But in the mideighties the
fatwa
was an unimaginable cloud hidden below the far horizon. Meanwhile, the success of his books had a beneficial effect on his character. He felt something relax deep within him, and became happier, sweeter natured, easier to be around. Strangely, however, older novelists gave him warnings in those balmy times of
worse days to follow. He was taken to lunch by Angus Wilson at the Athenaeum Club not long after Wilson’s seventieth birthday; and, listening to the author of
Anglo-Saxon Attitudes
and
The Old Men at the Zoo
speak wistfully of the days “when I used to be a fashionable writer” he understood that he was being told, gently, that the wind always changes; yesterday’s hot young kid is tomorrow’s melancholy, ignored senior citizen.

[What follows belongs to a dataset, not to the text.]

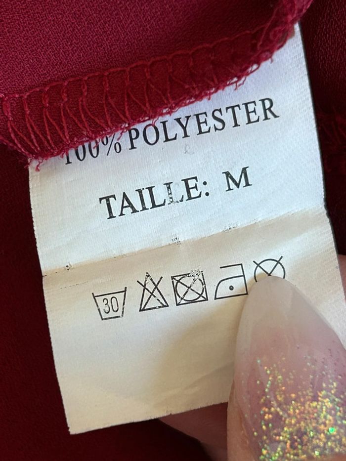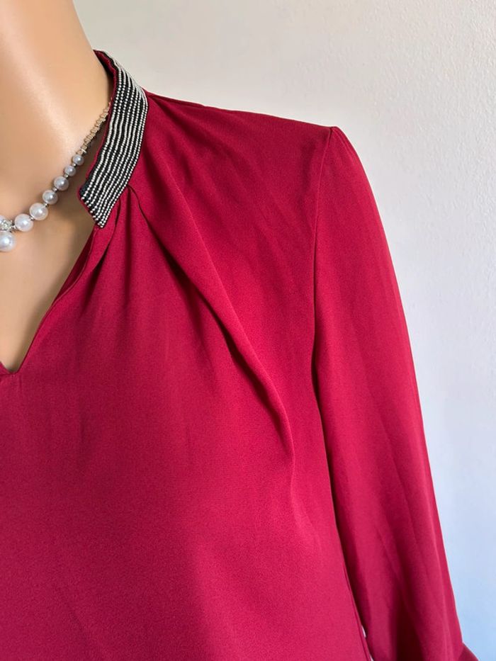 Blouse rouge bordeaux à manches longues, de marque Boh Love. Strass au niveau du col. Taille M. Jamais portée, état neuf. aisselle à aisselle 53 cms épaule à épaule 40 cms longueur manches 58 cms taille 50 cms longueur depuis épaule 62 cms 100% polyester Le prix reste négociable dans la limite du raisonnable. Un petit cadeau dans le colis 🌸 (Boîte 4)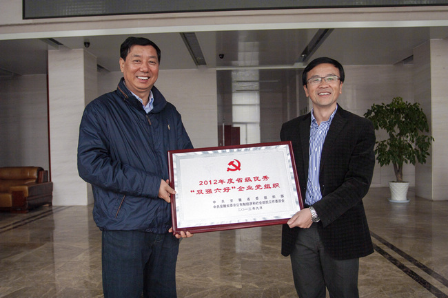 10月29日上午,黃山市委組織部副部長(zhǎng)、市非公經(jīng)濟(jì)和社會(huì)組織工委書記王震新、市非公經(jīng)濟(jì)和社會(huì)組織工委副書記柯伯發(fā)一行蒞臨我公司,為永佳集團(tuán)黨委榮獲省委組織部、省委非公經(jīng)濟(jì)和社會(huì)組織工委2012年度省級(jí)優(yōu)秀“雙強(qiáng)六好”企業(yè)黨組織頒發(fā)獎(jiǎng)牌。

When he went to America for the publication of
Midnight’s Children
he had his picture taken by the photographer Jill Krementz and met her husband, Kurt Vonnegut; and they invited him out to their house in Sagaponack, Long Island, for the weekend. “Are you serious about this writing business?” Vonnegut unexpectedly asked him as they sat drinking beers in the sunshine, and when he replied that he was, the author of
Slaughterhouse-Five
told him, “Then you should know that the day is going to come when you won’t have a book to write, and you’re still going to have to write a book.”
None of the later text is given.